## Your objective
Quote the whole listing exactly. Leave the pictures out of your copy.

BEGIN

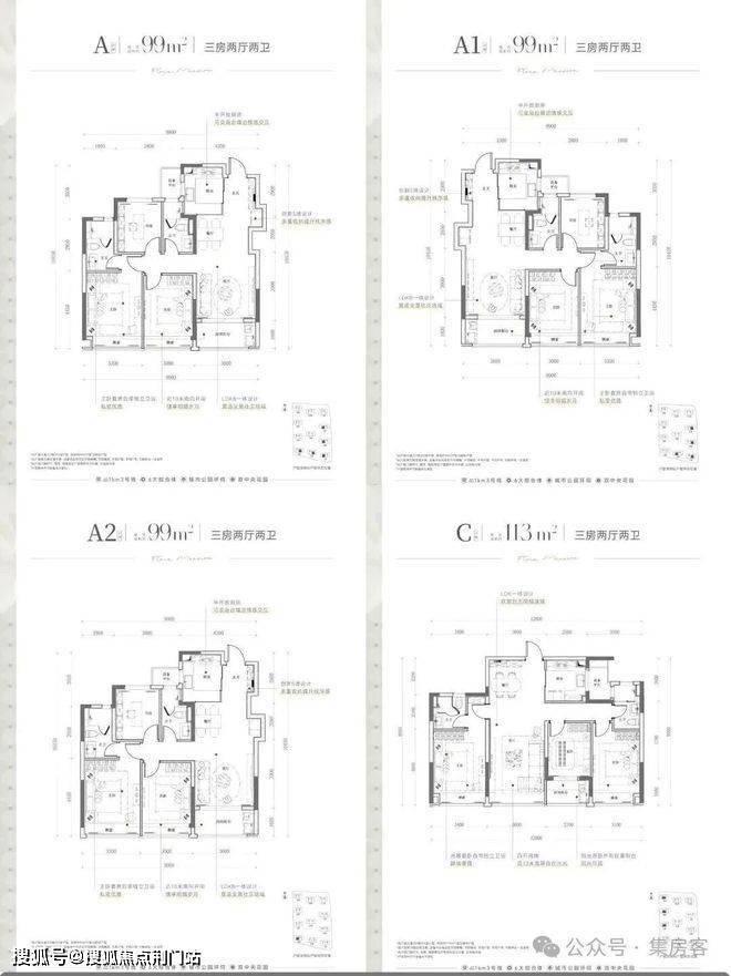 型设计:建面约99㎡的三房两卫户型,动静分区,采用三开间朝南设计。建面约113㎡的三房两厅两卫户型,四开间朝南,拥有封闭式阳台,南向采光充足,使得整体空间更加宽敞明亮。
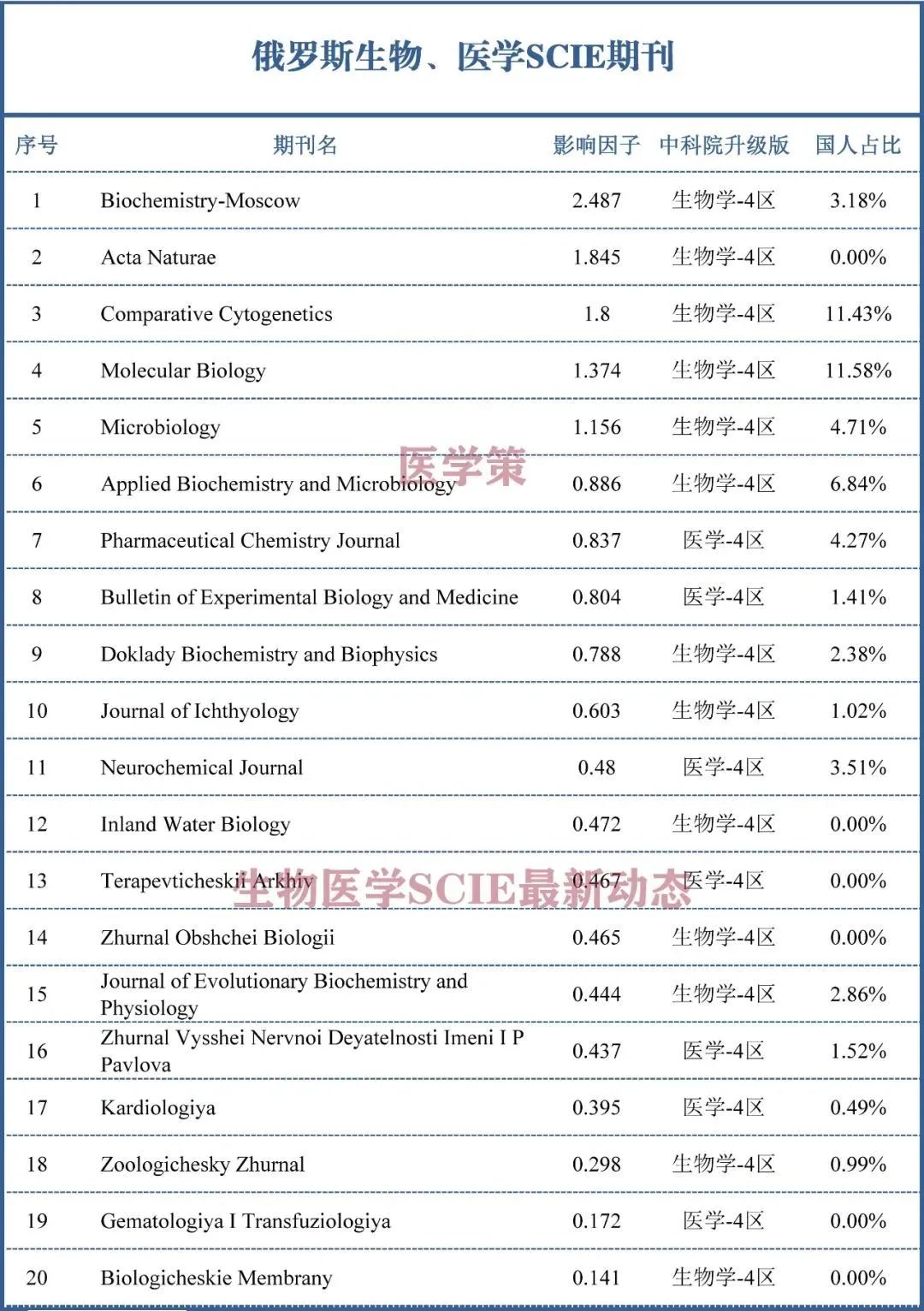 据初步统计,俄罗斯出版的生物医学领域的SCIE期刊共有20本,个别期刊国人占比达到了10%以上。
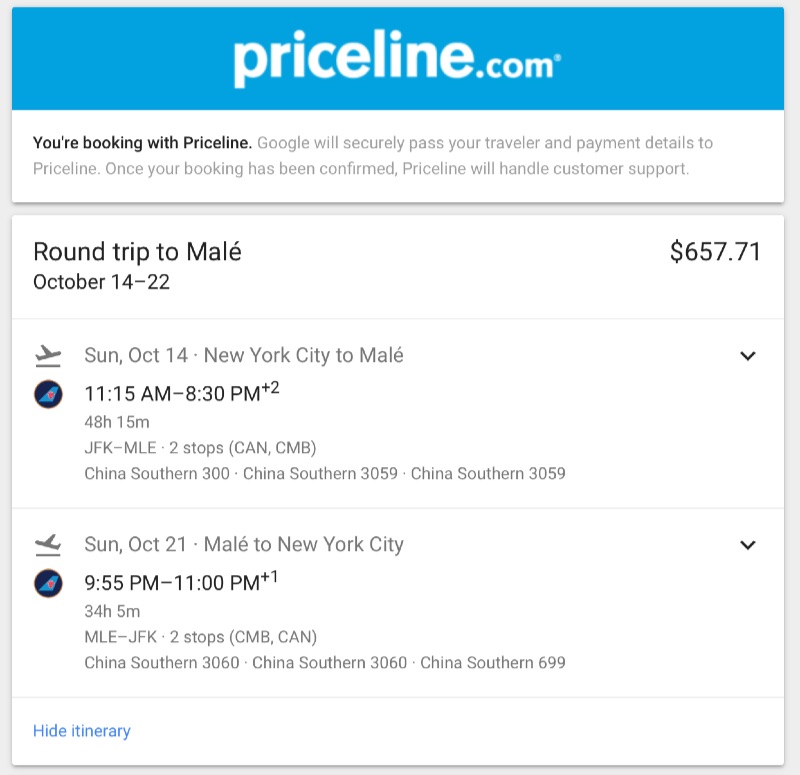 NOTE! Strangely that this fare cannot be searched directly via Priceline/Momondo. But Google Flights does show it and redirection to Priceline lands on passenger information/payment fill-in page with screen-shoted price point.
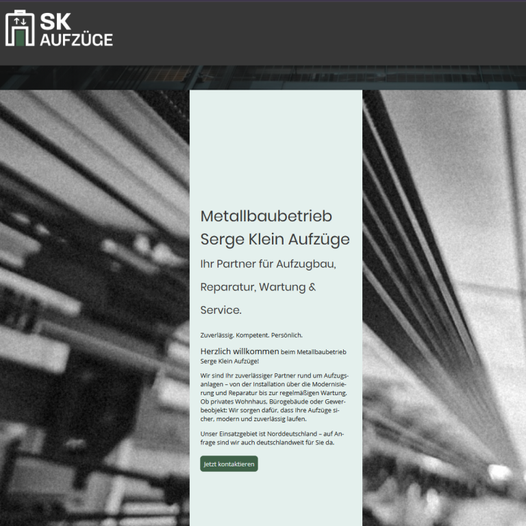 Für den Metallbaubetrieb SK-Aufzüge haben wir die Website von Grund auf eingerichtet – inklusive Domain, E-Mail und Hosting. Nach der Ersteinrichtung gab es eine kurze Schulung, sodass Serge und Julia nun Inhalte eigenständig pflegen können.
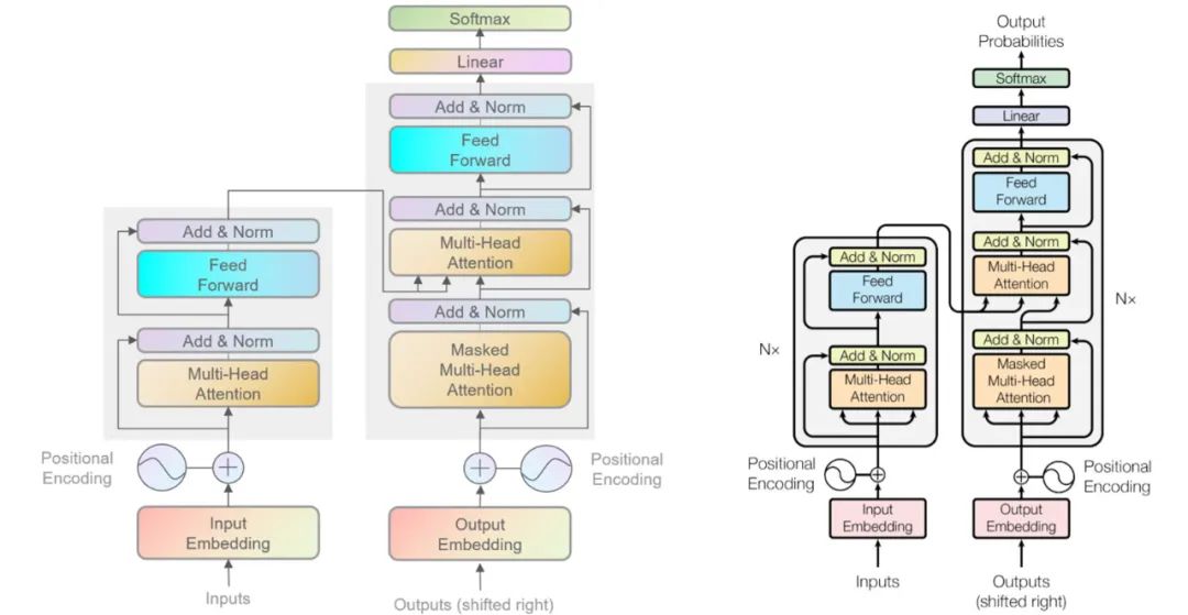 下边这张图是不是很面熟?这就是大名鼎鼎的 Transformer 架构,右边是谷歌大脑论文《Attention Is All You Need》中的 Transformer 架构原图,左边是用上述模板重新画出来的,还原度是不是很高,而且看起来很漂亮?
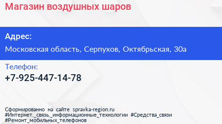 Магазин воздушных шаров по адресу Московская область, Серпухов, Октябрьская, 30а в дальнейшем Организация, размещена в следующих категориях:
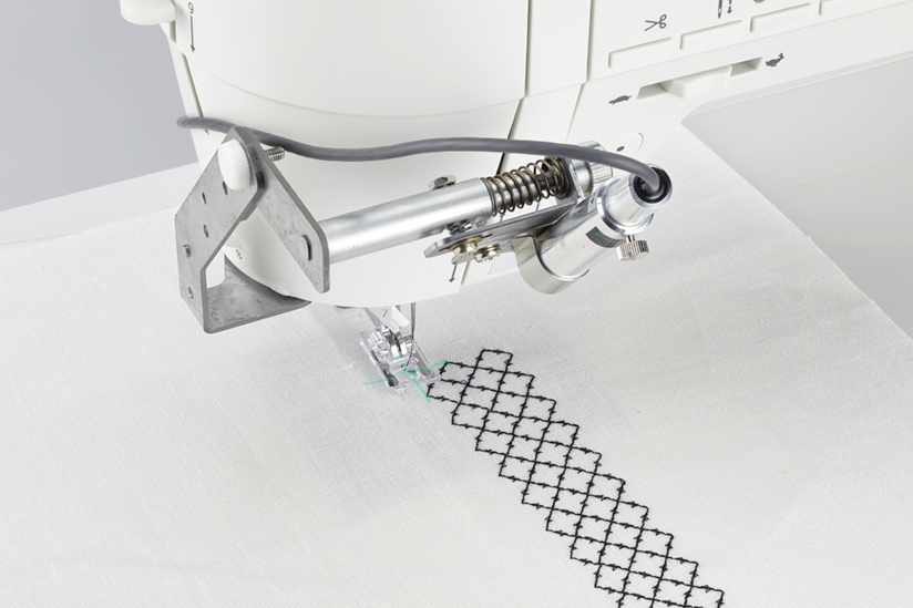 Osoittimen avulla neulan aseman voi tarkistaa laskematta neulaa työhön.
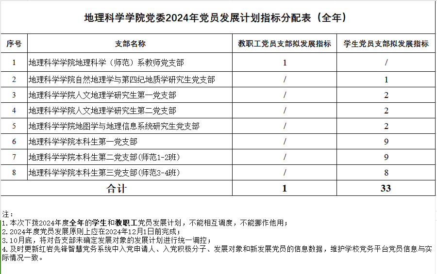 best365英国体育在线党委2024年党员发展计划指标分配表(全年)
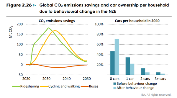 As part of behavior change, the IEA includes any energy savings that require consumers to change their demand for energy. Although nearly 40% of energy savings can be achieved without any shifts in consumer decisions or lifestyles, the rest will come from changes in how we do things, from adopting new technologies to changing how (and how much) we travel.
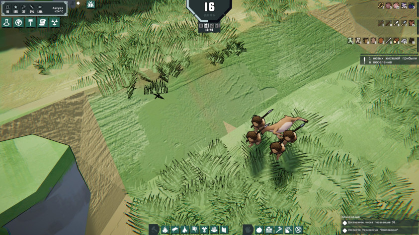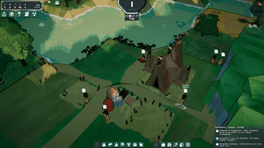 Ночью юниты принципиально не работают. Это выражается в бросании всего, что они несут на землю и отправку по домам. Всё бы ничего, но вот, допустим, они тащат с края карты оленя, на полдороги его кидают. А потом доблестно за ним возвращаются. На это прямо больно смотреть, на такие их действия. Хоть до хаты, что ли, тащили бы — всё равно же туда идут.
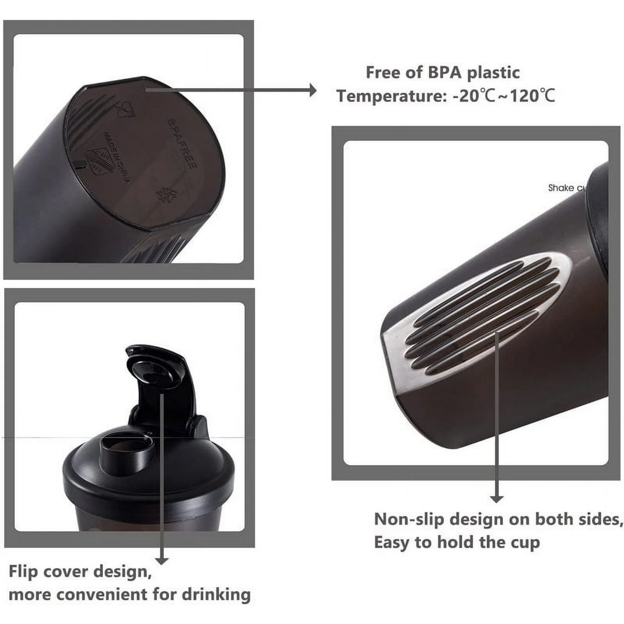 Met zijn ergonomische vorm ligt de beker prettig in de hand en is hij gemakkelijk te openen en te sluiten. Na gebruik kan de shaker snel worden schoongemaakt en is hij volledig herbruikbaar, waardoor hij een duurzame keuze is voor dagelijks gebruik.
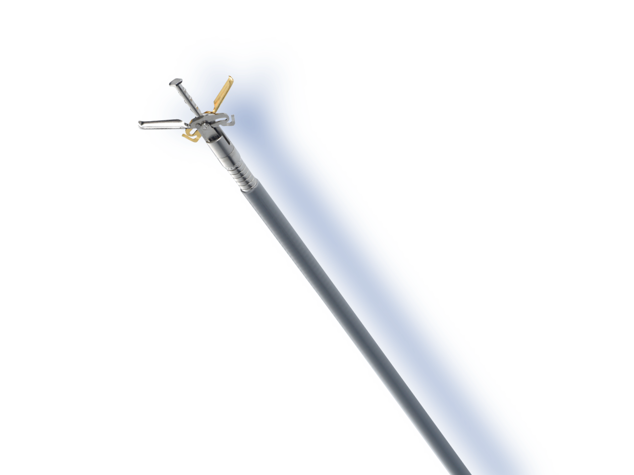 Gastrointestinal defect closure devices should be quick, easy to use, and effective. The DAT™ Closure Device has a center post flanked by two arms which can operate independently to capture tissue and support manipulation to close mucosal defects. The DAT closure device can be repositioned before deployment and can be used alone or to approximate tissue margins and hold them in place while other through-the scope clips are placed to further secure defect closure.
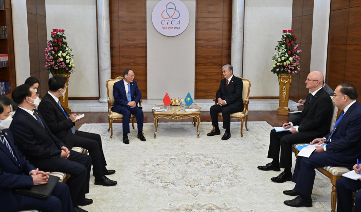 В свою очередь Ван Цишань передал Касым-Жомарту Токаеву слова приветствия председателя КНР Си Цзиньпина и отметил, что двусторонние отношения между Китаем и Казахстаном динамично развиваются в торгово-экономической, инвестиционной, транспортно-логистической, культурно-гуманитарной сферах, промышленной кооперации и цифровизации.
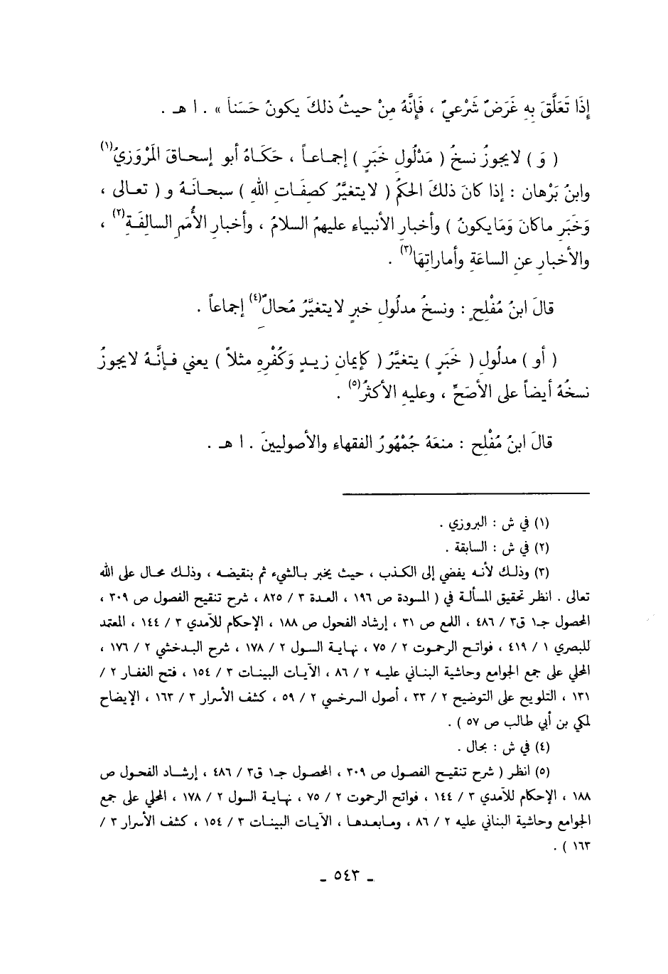 "وَ" لا يَجُوزُ نَسْخُ "مَدْلُولِ خَبَرٍ" إجْمَاعًا حَكَاهُ أَبُو إِسْحَاقَ الْمَرْوَزِيُّ1. وَابْنُ بُرْهَانٍ إذَا كَانَ ذَلِكَ الْحُكْمُ "لا يَتَغَيَّرُ كَصِفَاتِ اللَّهِ" سُبْحَانَهُ وَ "تَعَالَى، وَخَبَرِ مَا كَانَ وَمَا يَكُونُ" وَأَخْبَارِ الأَنْبِيَاءِ عَلَيْهِمْ السَّلامُ، وَأَخْبَارِ الأُمَمِ السَّالفةِ2 وَالإِخْبَارِ عَنْ السَّاعَةِ وَأَمَارَاتِهَا3.

END

## Finished task
 型设计:建面约99㎡的三房两卫户型,动静分区,采用三开间朝南设计。建面约113㎡的三房两厅两卫户型,四开间朝南,拥有封闭式阳台,南向采光充足,使得整体空间更加宽敞明亮。
 据初步统计,俄罗斯出版的生物医学领域的SCIE期刊共有20本,个别期刊国人占比达到了10%以上。
 NOTE! Strangely that this fare cannot be searched directly via Priceline/Momondo. But Google Flights does show it and redirection to Priceline lands on passenger information/payment fill-in page with screen-shoted price point.
 Für den Metallbaubetrieb SK-Aufzüge haben wir die Website von Grund auf eingerichtet – inklusive Domain, E-Mail und Hosting. Nach der Ersteinrichtung gab es eine kurze Schulung, sodass Serge und Julia nun Inhalte eigenständig pflegen können.
 下边这张图是不是很面熟?这就是大名鼎鼎的 Transformer 架构,右边是谷歌大脑论文《Attention Is All You Need》中的 Transformer 架构原图,左边是用上述模板重新画出来的,还原度是不是很高,而且看起来很漂亮?
 Магазин воздушных шаров по адресу Московская область, Серпухов, Октябрьская, 30а в дальнейшем Организация, размещена в следующих категориях:
 Osoittimen avulla neulan aseman voi tarkistaa laskematta neulaa työhön.
 best365英国体育在线党委2024年党员发展计划指标分配表(全年)
 As part of behavior change, the IEA includes any energy savings that require consumers to change their demand for energy. Although nearly 40% of energy savings can be achieved without any shifts in consumer decisions or lifestyles, the rest will come from changes in how we do things, from adopting new technologies to changing how (and how much) we travel.
 Ночью юниты принципиально не работают. Это выражается в бросании всего, что они несут на землю и отправку по домам. Всё бы ничего, но вот, допустим, они тащат с края карты оленя, на полдороги его кидают. А потом доблестно за ним возвращаются. На это прямо больно смотреть, на такие их действия. Хоть до хаты, что ли, тащили бы — всё равно же туда идут.
 Met zijn ergonomische vorm ligt de beker prettig in de hand en is hij gemakkelijk te openen en te sluiten. Na gebruik kan de shaker snel worden schoongemaakt en is hij volledig herbruikbaar, waardoor hij een duurzame keuze is voor dagelijks gebruik.
 Gastrointestinal defect closure devices should be quick, easy to use, and effective. The DAT™ Closure Device has a center post flanked by two arms which can operate independently to capture tissue and support manipulation to close mucosal defects. The DAT closure device can be repositioned before deployment and can be used alone or to approximate tissue margins and hold them in place while other through-the scope clips are placed to further secure defect closure.
 В свою очередь Ван Цишань передал Касым-Жомарту Токаеву слова приветствия председателя КНР Си Цзиньпина и отметил, что двусторонние отношения между Китаем и Казахстаном динамично развиваются в торгово-экономической, инвестиционной, транспортно-логистической, культурно-гуманитарной сферах, промышленной кооперации и цифровизации.
 "وَ" لا يَجُوزُ نَسْخُ "مَدْلُولِ خَبَرٍ" إجْمَاعًا حَكَاهُ أَبُو إِسْحَاقَ الْمَرْوَزِيُّ1. وَابْنُ بُرْهَانٍ إذَا كَانَ ذَلِكَ الْحُكْمُ "لا يَتَغَيَّرُ كَصِفَاتِ اللَّهِ" سُبْحَانَهُ وَ "تَعَالَى، وَخَبَرِ مَا كَانَ وَمَا يَكُونُ" وَأَخْبَارِ الأَنْبِيَاءِ عَلَيْهِمْ السَّلامُ، وَأَخْبَارِ الأُمَمِ السَّالفةِ2 وَالإِخْبَارِ عَنْ السَّاعَةِ وَأَمَارَاتِهَا3.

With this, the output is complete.